=== Begin Enclosure ===

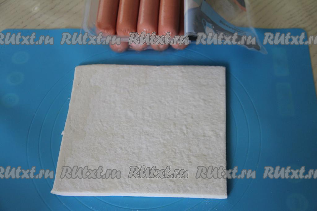 Подготовить продукты. Сосиски выбирайте качественные, от проверенного производителя. Слоёное тесто можно взять как дрожжевое, так и бездрожжевое.
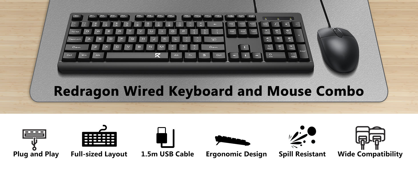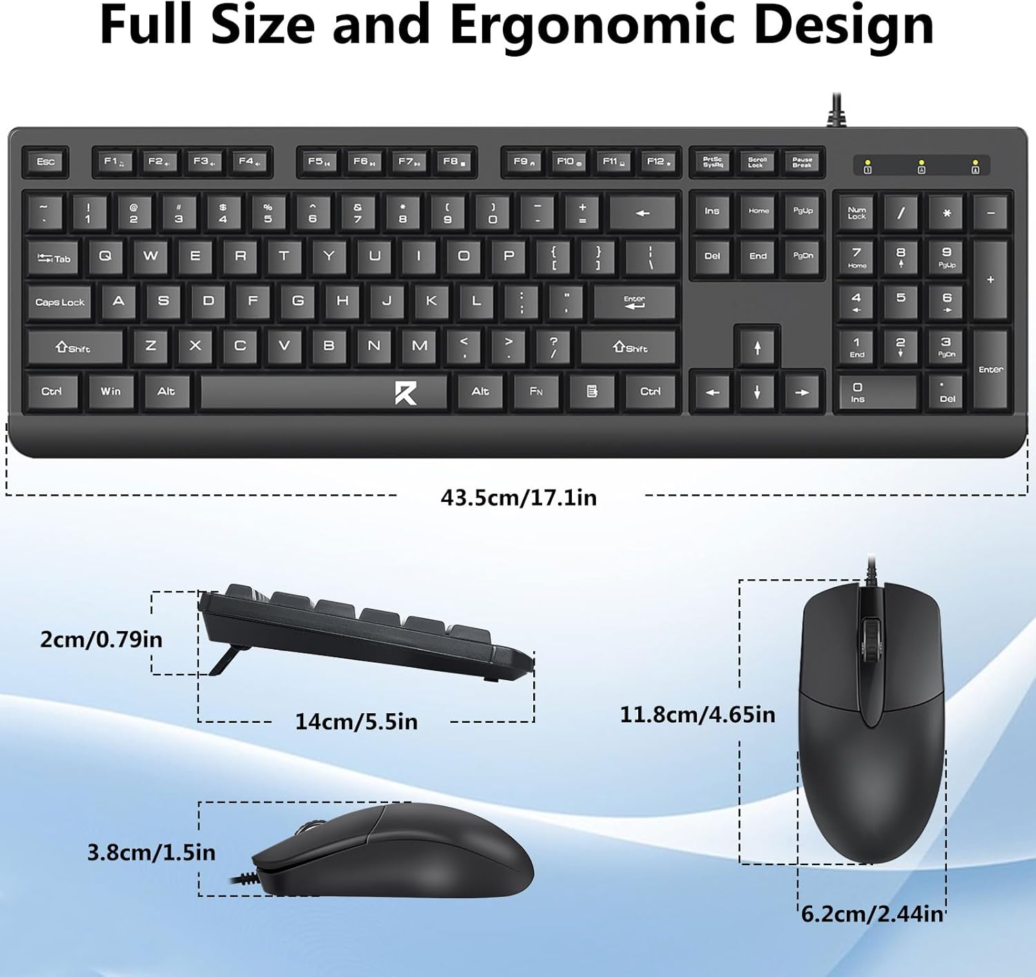 CHUANGQUAN Black BC7543 Wired Keyboard and Mouse Combo tarjoaa sujuvan kirjoittamisen, tarkan ohjauksen ja luotettavan USB-liitännät, jotka ovat ihanteellisia toimistoihin, opiskeluun ja päivittäiseen tietojenkäsittelyyn kestävällä mukavuudella ja tehokkuudella.
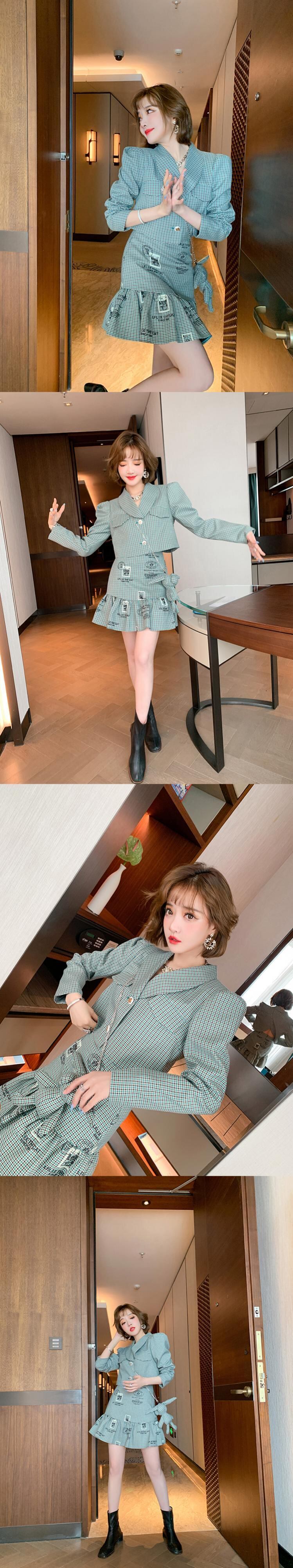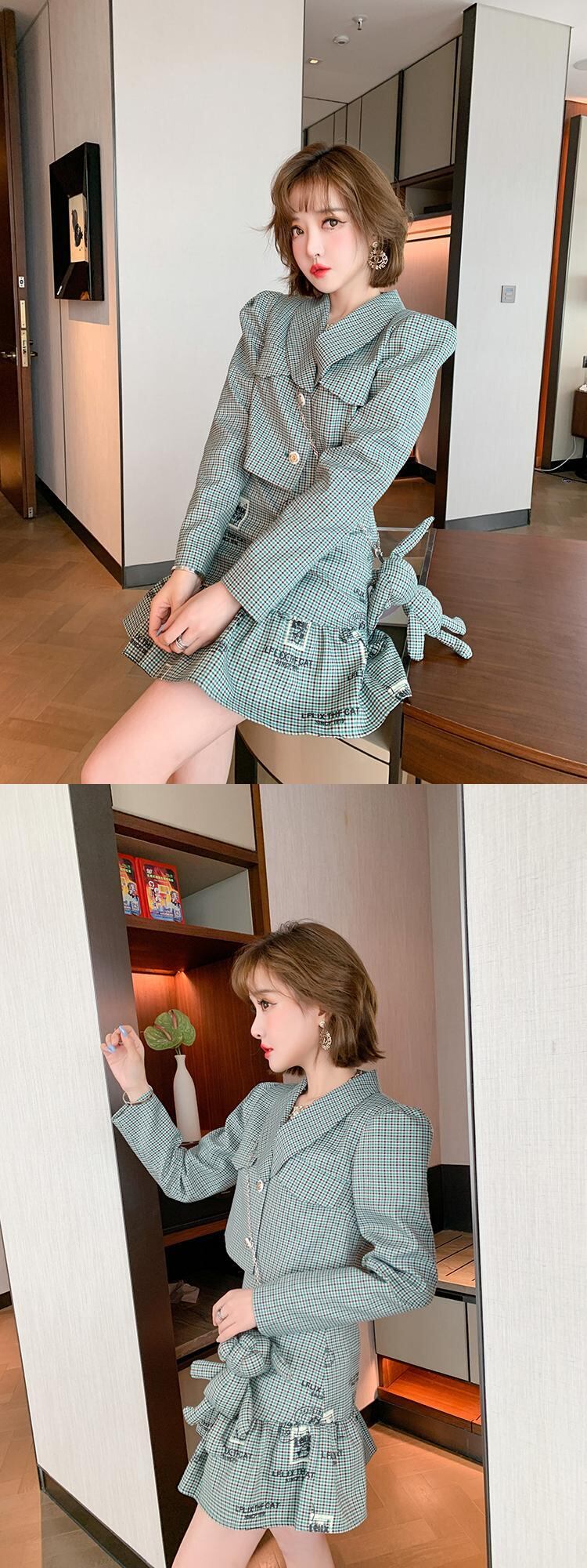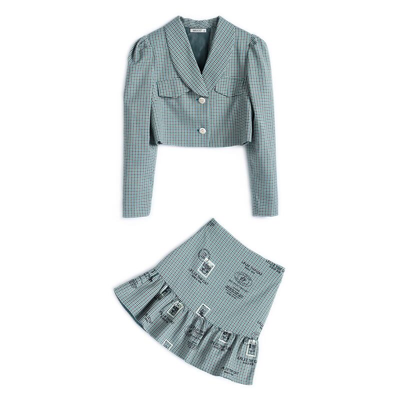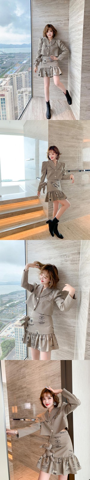 チェーン 格子柄ショートジャケット スカート セット MIUCO47320777866
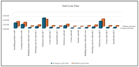 Data collection for the production process was conducted in two steps: First, comprehensive data collection through video recordings of the entire manufacturing facility was conducted to evaluate the cycle times of each station within the production process. The term “station” refers to the 16 positions in the production line through which the modular home passes. The results of the video recordings identified bottlenecks in the factory. Following this, a detailed task analysis was conducted using the video data to document the total time workers spent on each task within the bottleneck stations. This provided a deeper understanding of the tasks contributing to the bottleneck and facilitated the development of targeted interventions to improve efficiency and streamline production processes.
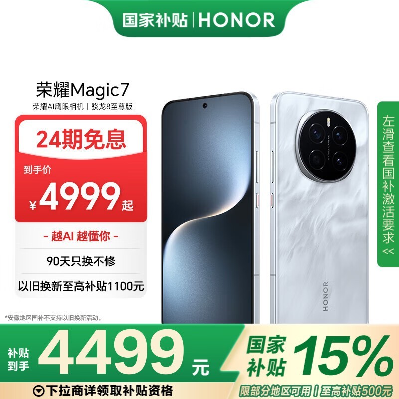 荣耀Magic7 16GB+512GB 5G手机京东优惠价4029元
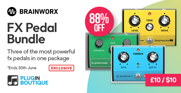 Plugin Boutique offers an 88% discount on Brainworx’s classic blue chorus, screaming tube distortion, and yellow overdrive pedal collection in an exclusive promotion of the FX Pedal Bundle.
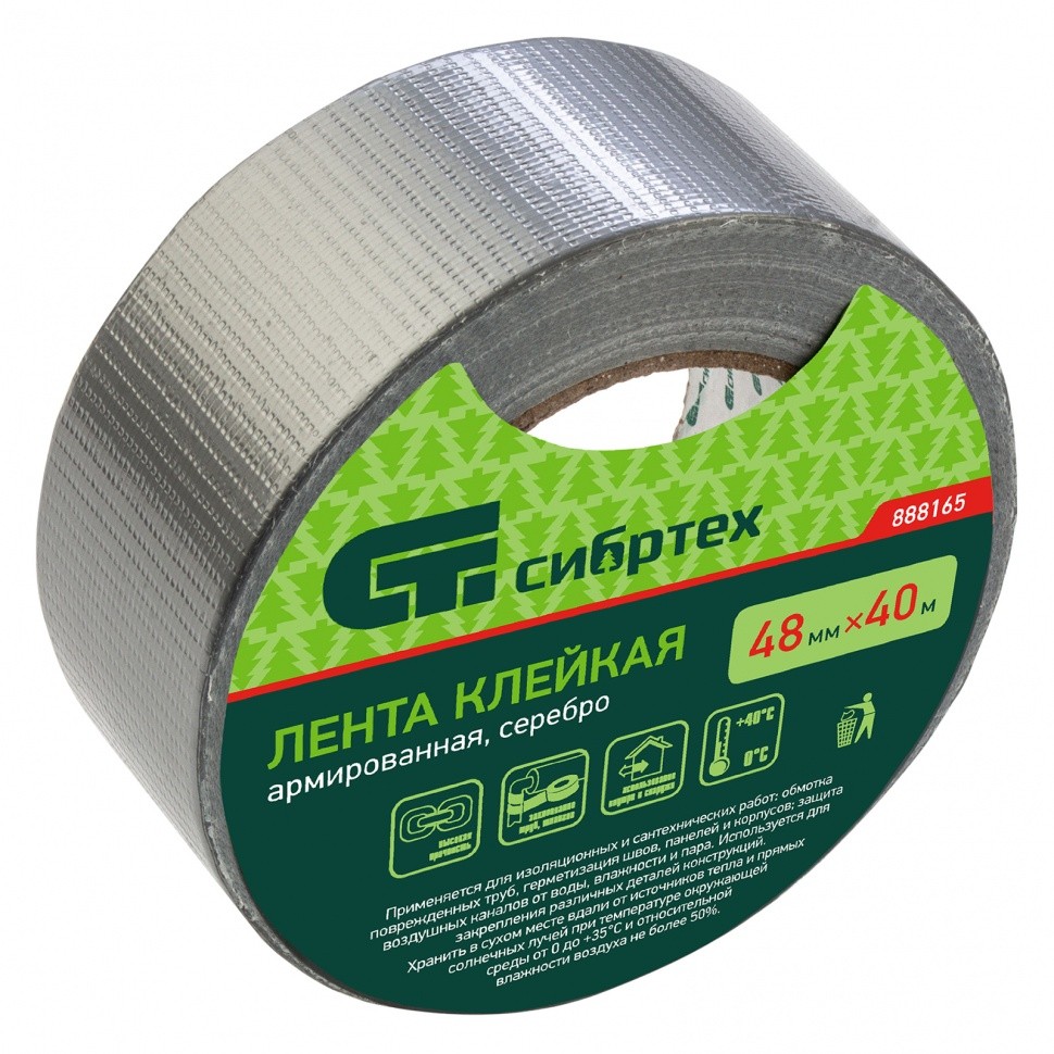 Лента клейкая армированная 48ммх40м серебро Сибртех

=== End Enclosure ===

* _Task to carry out_
The answer is the complete set of records, copied exactly, with pictures omitted.

* _Task solution_
 Подготовить продукты. Сосиски выбирайте качественные, от проверенного производителя. Слоёное тесто можно взять как дрожжевое, так и бездрожжевое.
 CHUANGQUAN Black BC7543 Wired Keyboard and Mouse Combo tarjoaa sujuvan kirjoittamisen, tarkan ohjauksen ja luotettavan USB-liitännät, jotka ovat ihanteellisia toimistoihin, opiskeluun ja päivittäiseen tietojenkäsittelyyn kestävällä mukavuudella ja tehokkuudella.
 チェーン 格子柄ショートジャケット スカート セット MIUCO47320777866
 Data collection for the production process was conducted in two steps: First, comprehensive data collection through video recordings of the entire manufacturing facility was conducted to evaluate the cycle times of each station within the production process. The term “station” refers to the 16 positions in the production line through which the modular home passes. The results of the video recordings identified bottlenecks in the factory. Following this, a detailed task analysis was conducted using the video data to document the total time workers spent on each task within the bottleneck stations. This provided a deeper understanding of the tasks contributing to the bottleneck and facilitated the development of targeted interventions to improve efficiency and streamline production processes.
 荣耀Magic7 16GB+512GB 5G手机京东优惠价4029元
 Plugin Boutique offers an 88% discount on Brainworx’s classic blue chorus, screaming tube distortion, and yellow overdrive pedal collection in an exclusive promotion of the FX Pedal Bundle.
 Лента клейкая армированная 48ммх40м серебро Сибртех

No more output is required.